In the configuration of the Experiment there will be all the used Ingredients
and sub-Ingredients. So lets say you use an Ingredient called paths
in the
dataset
Ingredient. Then in the configuration of your experiment you will
see two entries: dataset
and paths
(paths
is not nested in the
dataset
entry)
Explicit Nesting¶
If you want nested structure you can do it explicitly by changing the name of
the path
Ingredient to dataset.path
. Then the path entry will be nested
in the dataset entry in the configuration.

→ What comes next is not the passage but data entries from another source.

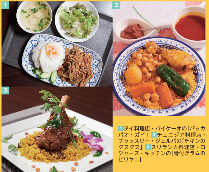
1 タイ料理店・バイケーオの「パッガバオ・ガイ」 2 チュニジア料理店・ブラッスリー・ジェルバの「チキンのクスクス」 3 スリランカ料理店・ロジャーズ・キッチン「骨付きラムのピリヤニ」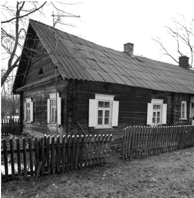
Radžiūnuose (Taujėnų sen., Ukmergės raj.) išlikęs Pukų namas, kuriame slapstėsi būsiami partizanai.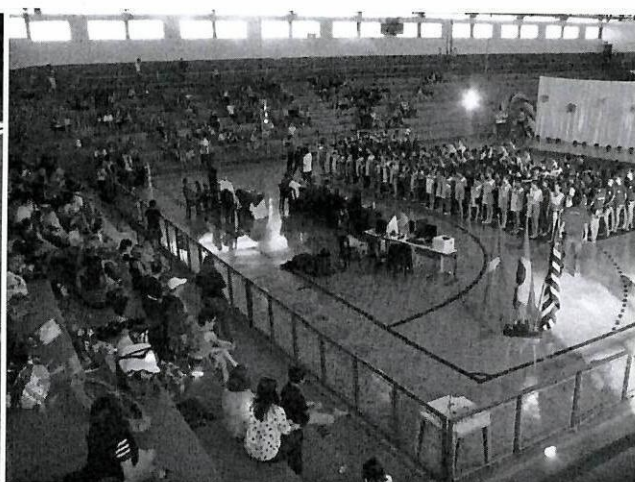
9ª COPA DE GINÁSTICA RÍTMICA 2016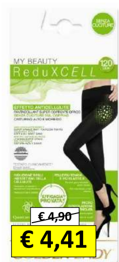
420595-420597 GOLDEN REDUXCELL 120/D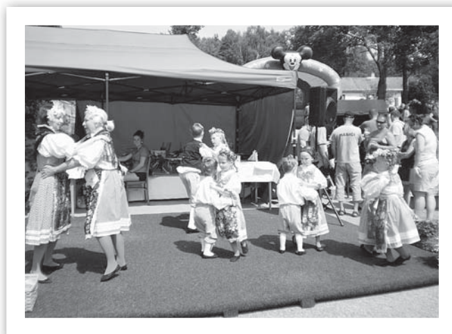
Vzpomínka na Lenorskou slavnost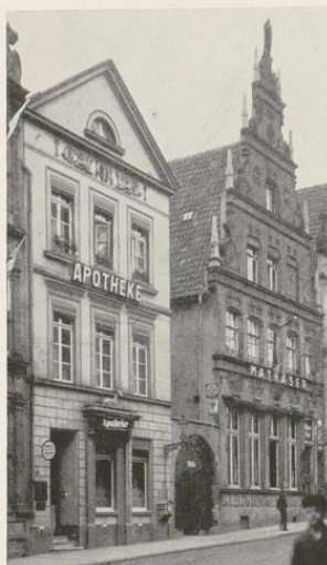
Abb. 1309. Das Haus Roggenmarkt 13 (links) von Westen

Mangels alter Zierformen kaum datierbar, aber auf dem Plane von 1839 schon verzeichnet. Merkmale Schlaunscher Architektur, von denen E. Müller, Altmünsterische Gartenhäuser , M. A. 8. IV. 1925, spricht, sind nicht vorhanden. Vermutlich aus dem Anfange des 19. Jahrhunderts.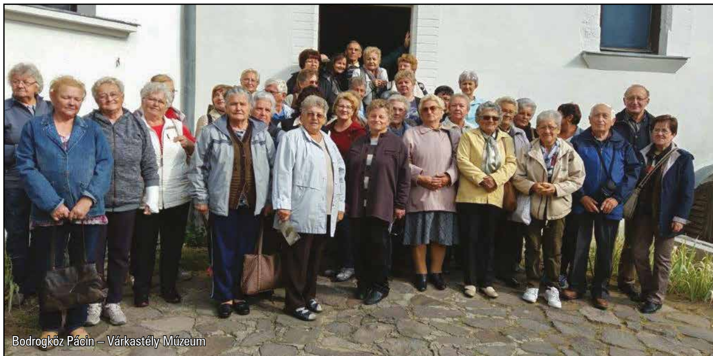
Bodrogköz Pácin – Várkastély Múzeum

Jelenleg karácsonyra készülünk, ahol köszöntjük az 50. házassági évfordulót ünneplő tagtárs házaspárunkat, valamint az úgymond kerek évfordulót ünneplő születésnaposokat.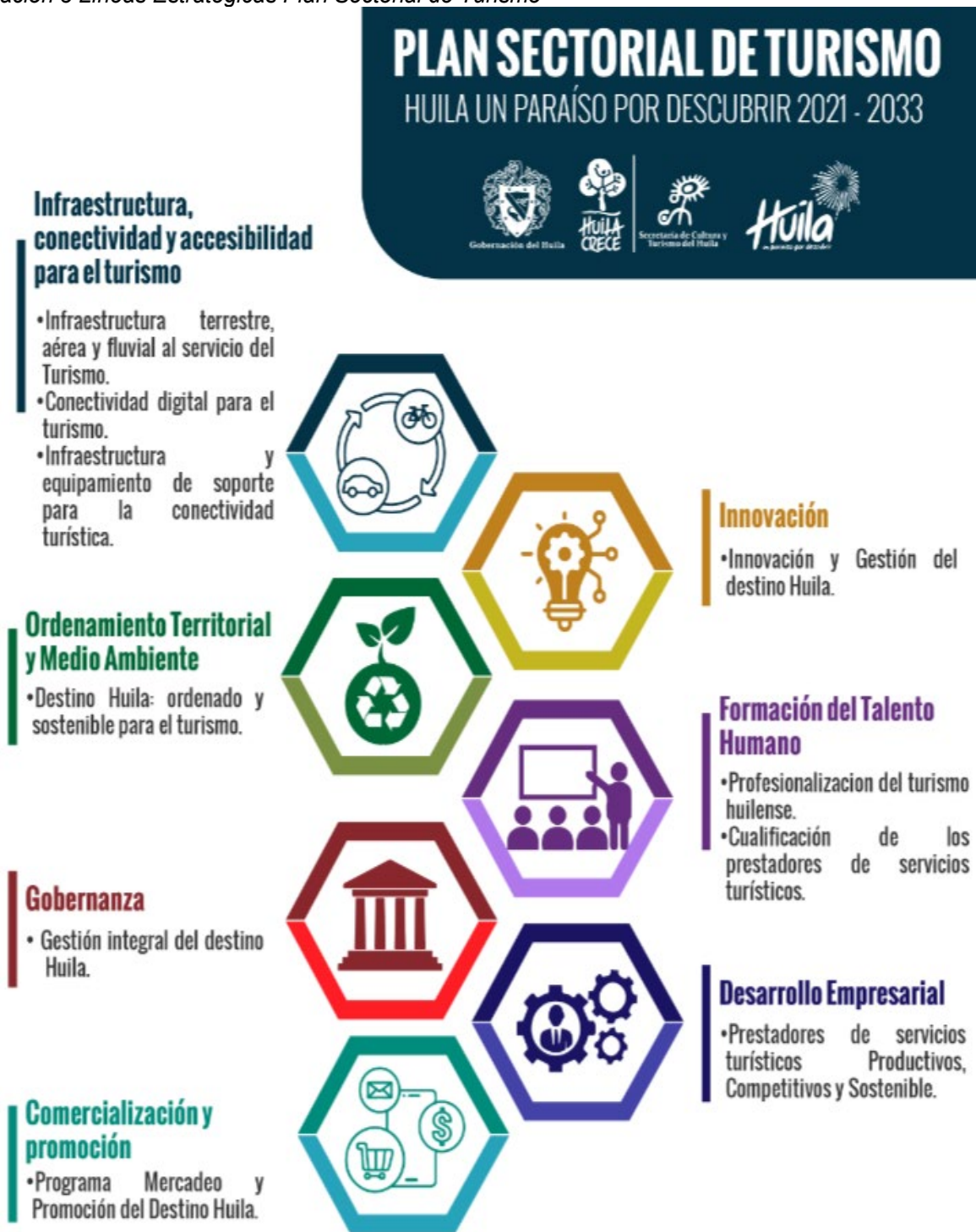
Ilustración 3 Líneas Estratégicas Plan Sectorial de Turismo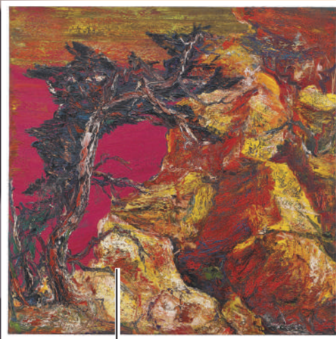
▲《黑松》布面油畫 300x300cm 2013年。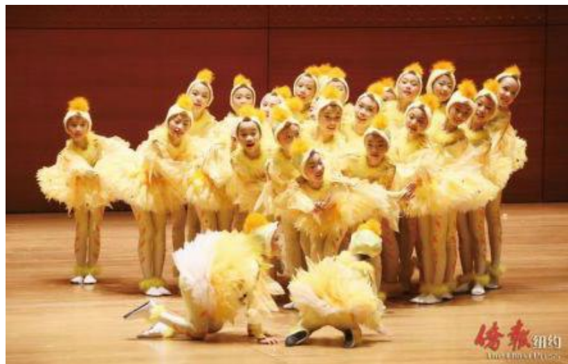
蘇州市吳韻少年藝術團《快樂的雞娃娃》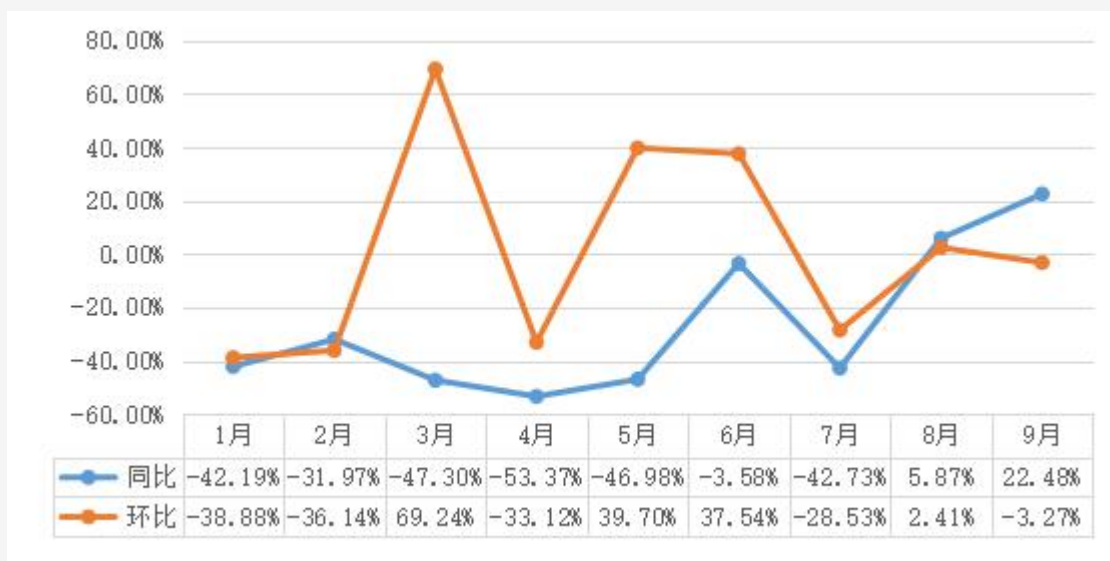
2022年1-9月佛山市新建商品住房成交面积同比环比走势

Accessing the Ingredient Config¶
You can access the configuration of any used ingredient from ConfigScopes and from captured functions via the name of the ingredient:
@ex.config
def cfg(dataset): # name of the ingredient here
abs_filename = os.path.abspath(dataset['filename']) # access 'filename'
@ex.capture
def some_function(dataset): # name of the ingredient here
if dataset['normalize']: # access 'normalize'
print("Dataset was normalized")
Ingredients with explicit nesting can be accessed by following their path. So
for the example of the Ingredient dataset.path
we could access it like this:
@ex.capture
def some_function(dataset):
path = dataset['path'] # access the configuration of dataset.path
The only exception is, that if you want to access the configuration from another
Ingredient you can leave away their common prefix. So accessing dataset.path
from dataset
you could just directly access path
in captured functions
and ConfigScopes.
Hooks¶
Hooks are advanced mechanisms that allow the ingredient to affect the normal execution of the experiment.
Pre- and Post-Run Hooks¶
Configuration Hooks¶
Configuration hooks are executed during initialization and can be used to update the experiment’s configuration before executing any command.
ex = Experiment()
@ex.config_hook
def hook(config, command_name, logger):
config.update({'hook': True})
return config
@ex.automain
def main(hook, other_config):
do_stuff()
The config_hook function always has to take the 3 arguments config of the current configuration, command_name, which is the command that will be executed, and logger. Config hooks are run after the configuration of the linked Ingredient (in the example above Experiment ex), but before any further ingredient-configurations are run. The dictionary returned by a config hook is used to update the config updates. Note that config hooks are not restricted to the local namespace of the ingredient.